Such an undertaking requires multiple strategies of analysis, critical and appreciative, rather than a single point-of-view. In addition, the country's conspicuous diversity encourages a variety of perspectives and even multiple intellectual frameworks. Thus the class will juxtapose cultural, architectonic, phenomenological, economic, stylistic, political, and other kinds of readings.
This wide-ranging approach must, of course, be tempered with a coherent structure. Chronologically the class will move from the aftermath of the Civil War up to the present, though we'll continually explore the ramifications of the past on our own times. We'll include alternatives and oppositions to dominant trends; both "ordinary" buildings and exceptional architecture. Finally, the sequence of lectures will concentrate on three architectural/cultural typologies: domestic space, work space and public space.
Students will write a series of 1-page papers. A final research paper (c. 15 pp. of text plus illustrations and reference citations) should analyze an American building or architectural phenomenon of the recent or distant past. A statement about the topic is due Feb. 21; a first draft, on March 28; and the final paper, by May 9. There will also be a short exam.
Prof Wright's office hours, 203 Buell, 2-4 Tuesdays, 854-1587, gw8@columbia.edu.
LECTURE TOPICS AND ASSIGNMENTS
WEEK 1: ANALYTIC TEMPLATES AND FORMAL PATTERNS
The power of agency and the seductions of biography; the narrative structures of architecture; cultural appropriation and hegemony; "American exceptionalism."
WEEK 2: PRODUCING THE VICTORIAN HOME
Intricacies of the Queen Anne and the "Shingle Style"; American suburbia; industrial standards and human comforts; multi-family living in apartment-hotels and tenements.
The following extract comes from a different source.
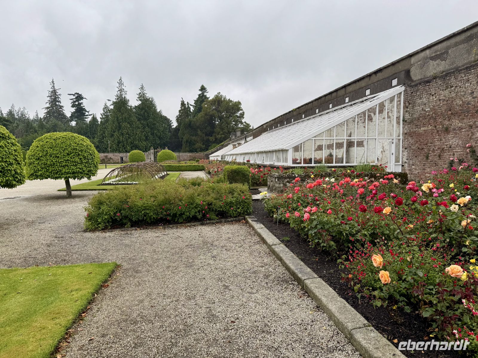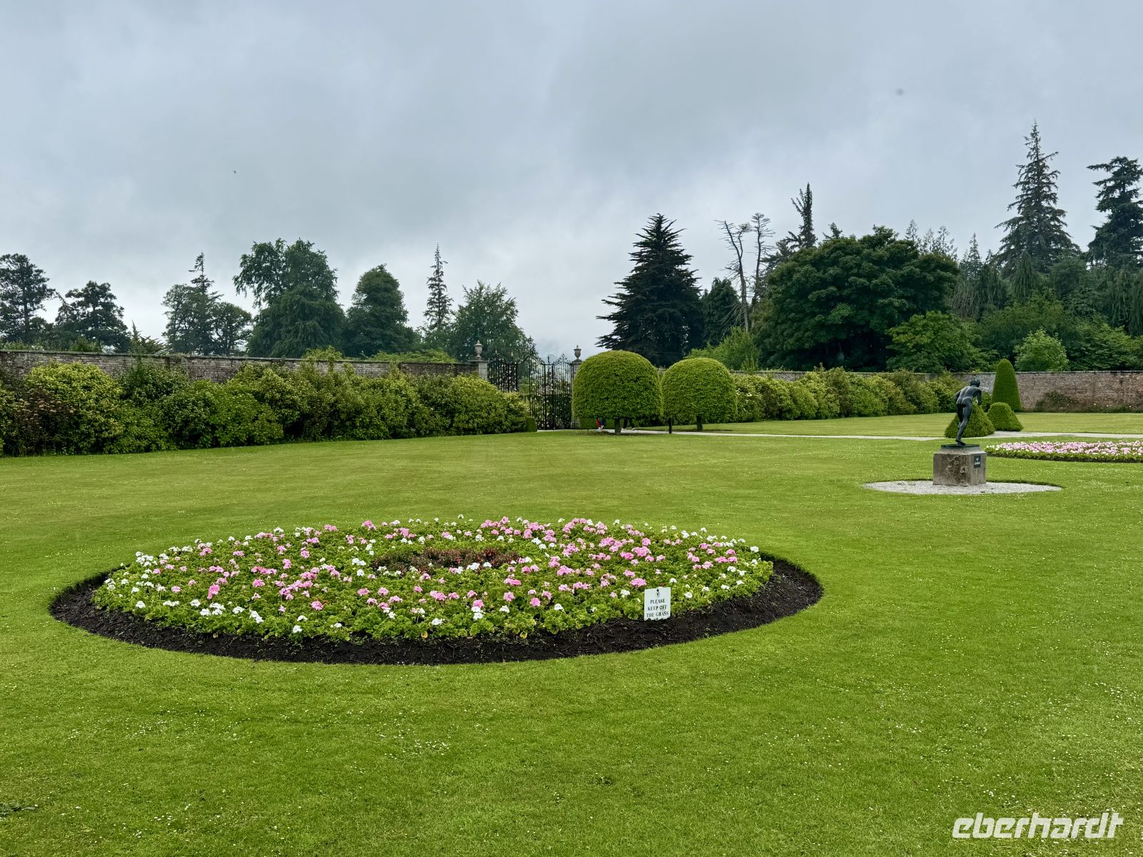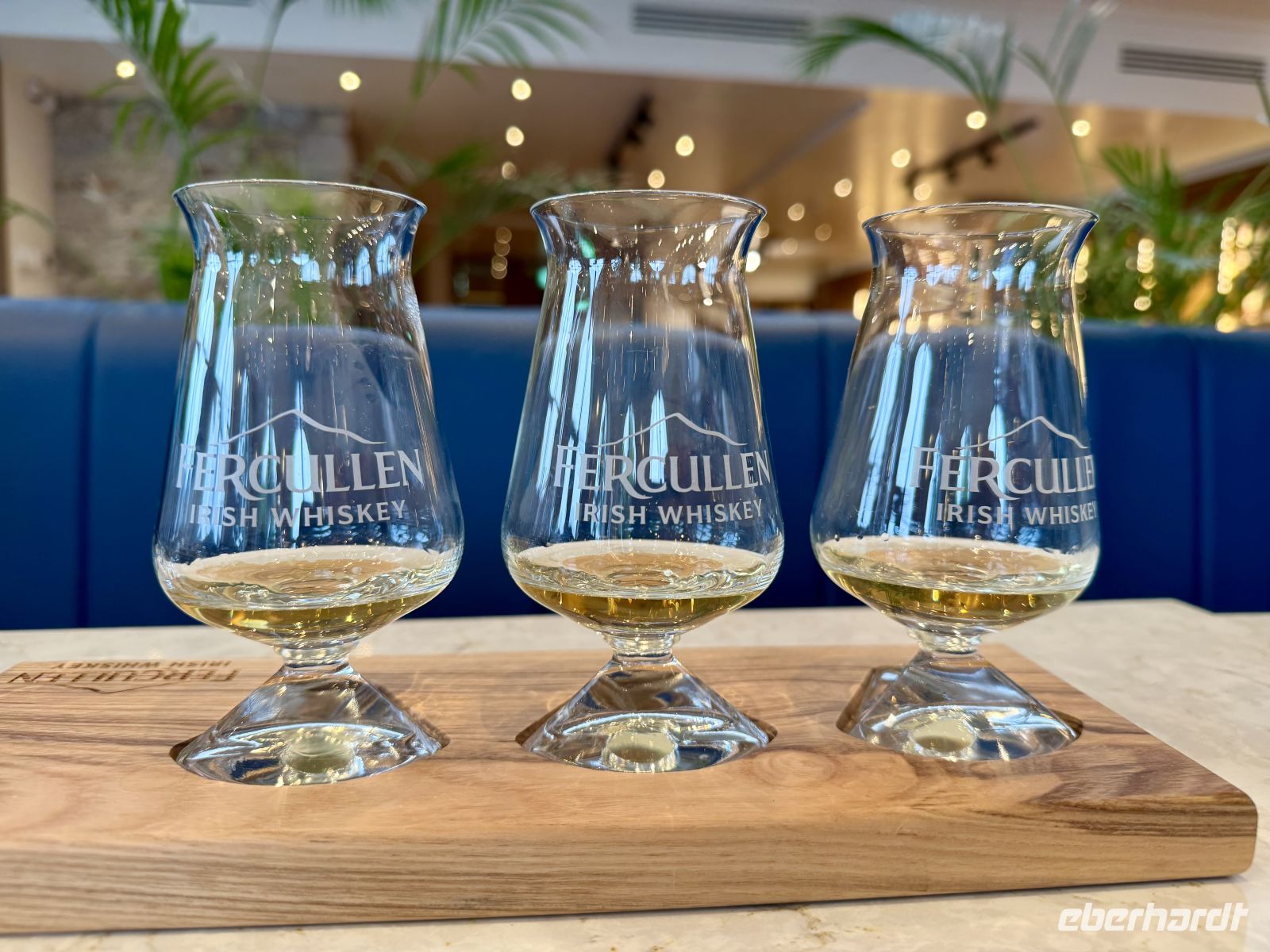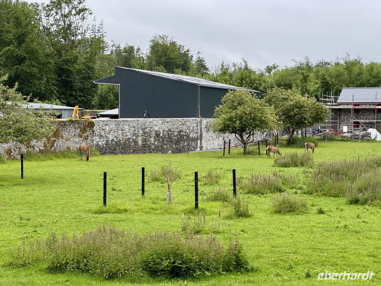 Neben den drei Nationalheiligen Patrick, Columba und Brigid gibt es auch noch den Heiligen Kevin, der inmitten der Wicklow Mountains, im schönen romantischen Tal von Glendalough, einst ein Kloster gründete. Mit seiner prächtigen Kathedrale und dem charakteristischen Rundturm entwickelte es sich sogar zu einer der größten frühchristlichen Klosteranlagen Irlands und bildete viele Missionare aus. Gewissermaßen beginnt sich mit Betreten der Ruinen der Kreis für uns zu schließen, den wir vor elf Tagen mit einem Besuch der Klosterruine von Monasterboice begonnen haben. Und ja, Irland kann auch Dauerregen. Hätten wir aber auch so geglaubt. Will uns der Wettergott einfach nur den Abschied erleichtern? Wir lassen uns unsere gute Laune nicht verderben und nehmen auch diese Wetterkapriole mit Humor. Außerdem sind wir wirklich sehr gut ausgestattet und vorbereitet. Dennoch passen wir unsere Wanderung in Glendalough etwas an und wandern zwar an beiden Seen entlang durch den herrlichen Wald, aber nur bis zum Kevin's Bed View, dem Aussichtspunkt mit Blick auf die Schlafhöhle des heiligen Klostergründers. Zuvor hatte ich demonstriert, wie er mit ausgebreiteten Armen am Ufer des oberen Sees so lange im Wasser stand und gebetet hat, bis die Vögel angefangen haben, auf seinen Armen Nester zu bauen. Beweisfotos davon sollen angeblich im Internet kursieren. Freundlicherweise warte ich sogar ab, bis der Vogelnachwuchs geschlüpft ist. Wir haben ja Zeit, der Termin an der Whiskeybrennerei ist erst um 16:00 Uhr. Nachdem wir uns mit einem Kaffee, Tee oder einer heißen Schokolade unter dem schützenden Dach eines Cafés etwas gestärkt haben, begeben wir uns für eine Filmvorführung ins Besucherzentrum. Im Video tauchen viele Orte und Namen auf, über die wir im Laufe unserer Reise bereits gestolpert sind. Am Nachmittag besuchen wir außerdem die Powerscourt Gardens, wenngleich es uns wetterbedingt zunächst nur ins Restaurant im großen Herrenhaus zieht. Zwischenzeitlich klart es aber auf, sodass sich doch noch die Gelegenheit für eine Runde durch die verschiedenen Gartenbereiche ergibt. Donal fährt uns dann freundlicherweise hinüber zur Powerscourt Distillery, wo wir bereits von Callum erwartet werden. Er zeigt uns das alte Mühlengebäude, die moderne Produktionshalle und eine der Lagerhallen mit vielen, vielen Fässern. Allein der Geruch in der Halle … Drei ganz unterschiedliche, aber jeweils prämierte Whiskeys dürfen wir schließlich verkosten. Das kostbare Lebenswasser wärmt (und desinfiziert) unsere Kehlen. Bei diesem Wetter genau das richtige Getränk! Schnell sind wir dann wieder zurück im Hotel und treffen uns zum Abschiedsabendessen – mit Donal, dem besten Busfahrer Irlands, als Ehrengast!

WEEK 3: URBAN SKYSCRAPERS AND COMMERCIAL CAPITALISM
Inventing the skyscraper; restructuring construction and office-work inside; consolidating the skyscraper's facade, skyline, and its location in the central business district.
WEEK 4: COSMOPOLITAN SPACES FOR DEMOCRATIC PUBLICS
Americanization and the progressive movement; entertaining bourgeois and working-class crowds; palaces for travel and learning; the sequential emergence of the American design professions.
WEEK 5: THE CRUSADE FOR SIMPLIFIED DWELLINGS
Frank Lloyd Wright and his California contemporaries; emigré and indigenous reformers; household science and the women's movement; regional modernisms.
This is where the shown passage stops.